Weight tuning to reflect control objectives
Weights are normalized so they always sum to 1, making tuning predictable across teams. Start with balanced weights, then increase data-transfer and privileged-action weights when your primary risk is exfiltration or policy tampering. For identity-focused programs, raise failed sign-ins and login frequency weights. Keep any single weight below 0.40 to prevent one metric dominating. Recalibrate quarterly using confirmed incidents and false-positive reviews. Document each change in a tuning log for audits.
Context signals that materially raise investigation priority
Binary context flags add direct risk when behavior shifts align with attacker playbooks. New device and new geography each add 0.15, and a failed challenge adds 0.20, reflecting higher compromise likelihood. Time-of-day and intel matches contribute 0.10–0.40 based on confidence.
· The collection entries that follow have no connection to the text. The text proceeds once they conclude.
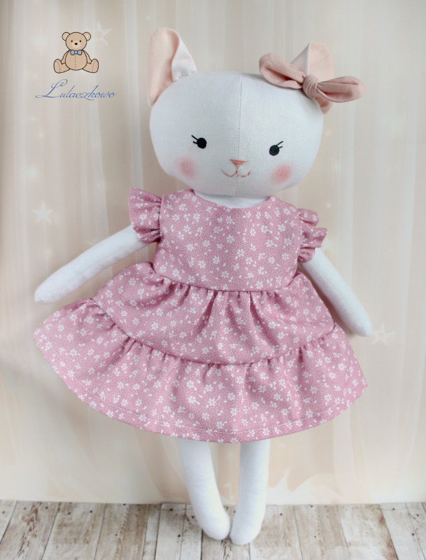 Kotek Lena przytulanka w sukieneczce róż retro w kwiatuszki
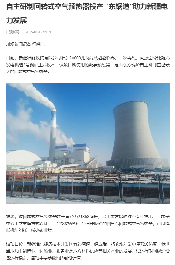 【川观新闻】自主研制回转式空气预热器投产“东锅造”助力新疆电力发展
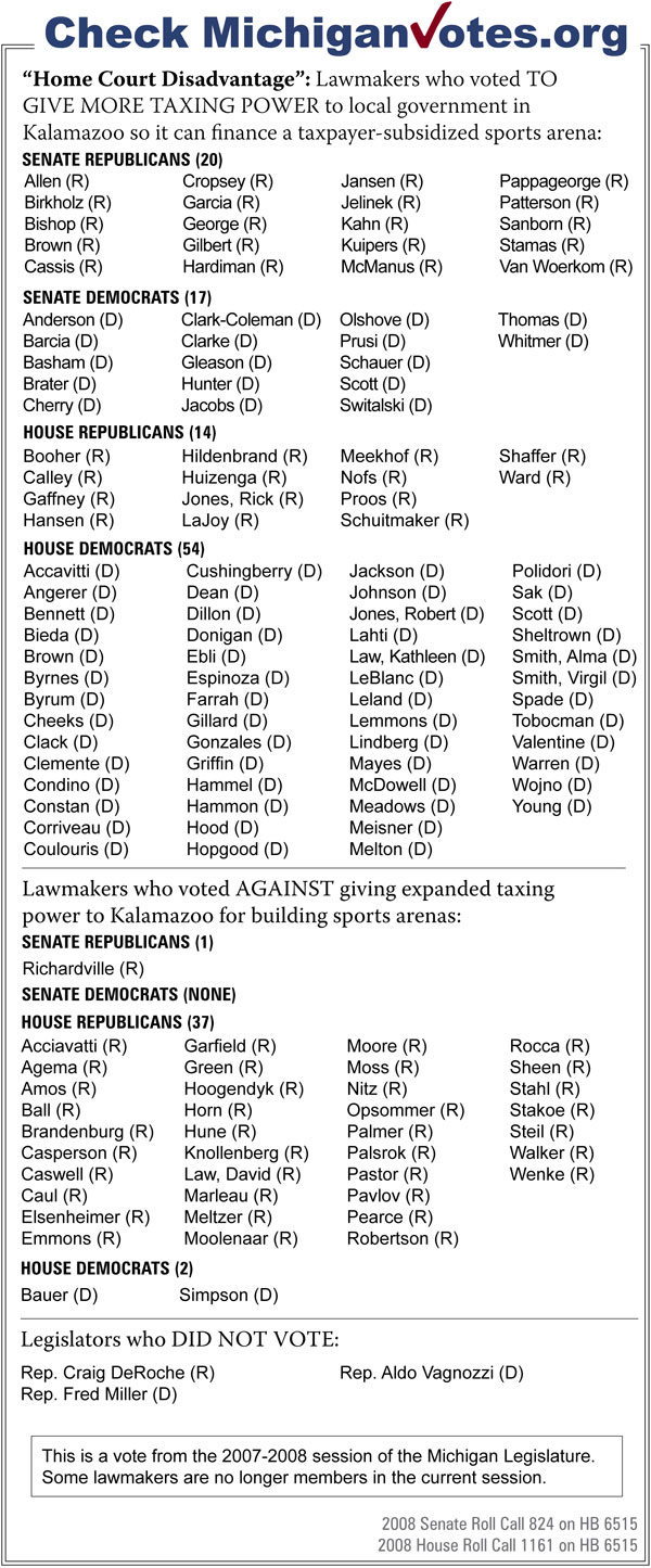 As with the new stadium for the University of Minnesota, a taxpayer subsidy for the new Kalamazoo arena was facilitated by a vote of the Michigan Legislature. According to MichiganVotes.org, 2008 House Bill 6515 expanded "the scope of the law that authorizes local hotel, restaurant and rental car excise taxes to pay for municipal stadiums." Furthermore, it also lowers "a certain population standard, allowing Kalamazoo County and Kalamazoo to levy these taxes."

Use “Critical” sensitivity when the actor can access regulated data or production controls, applying a multiplier up to 1.60 to amplify the same anomaly evidence. Validate flags with device and geo inventories.
Thresholding and score bands for triage workflows
The score uses a logistic curve to compress raw evidence into 0–100. With k around 3.2 and midpoint near 1.0, small drift stays low while clustered signals rise quickly. Suggested bands are Low <30, Medium 30–59, High 60–79, and Critical ≥80. Pair bands with playbooks: Medium triggers validation, High triggers containment checks, and Critical starts incident response. Adjust thresholds to meet alert volume targets.
Export-ready reporting for case management
Operational teams need repeatable evidence, not just a number. The export includes metric means, deviations, current values, z-scores, normalized anomaly values, and weighted impacts, so reviewers can trace why the score changed. Attach the CSV to tickets for trend analysis, and share the PDF for executive updates. Capture notes like alert IDs and log references to support chain-of-custody and faster peer review.
FAQs
What does the anomaly score represent?
It summarizes how far current behavior deviates from baseline, plus context signals, then scales it to 0–100. Higher scores indicate stronger evidence and higher potential impact, not confirmed compromise.
How should I choose baseline mean and deviation?
Compute μ and σ from clean periods for the same actor type and workload. Use 14–30 days where possible, exclude incident windows, and split baselines by weekday or region if patterns differ.
What if I have limited historical data?
Start with short baselines and conservative thresholds, then tighten as telemetry grows. You can also borrow cohort baselines, such as team-level or role-level averages, but label them clearly to avoid overconfidence.
Why are the weights normalized automatically?
Normalization keeps weights comparable and prevents totals from inflating scores. You can tune priorities without recalculating sums, and reviewers can interpret each metric’s impact as a percentage of numeric evidence.
How do sensitivity and threat intel affect results?
Sensitivity multiplies combined evidence to reflect business risk, while intel adds a direct confidence-based boost. Together they raise urgency for high-impact accounts and known-bad indicators, even when numeric drift is moderate.
Can I use the exports in case workflows?
Yes. CSV supports analysis and trend reviews, and PDF supports sharing. Include notes like ticket IDs, log queries, and timestamps so responders can reproduce the evidence and document decisions.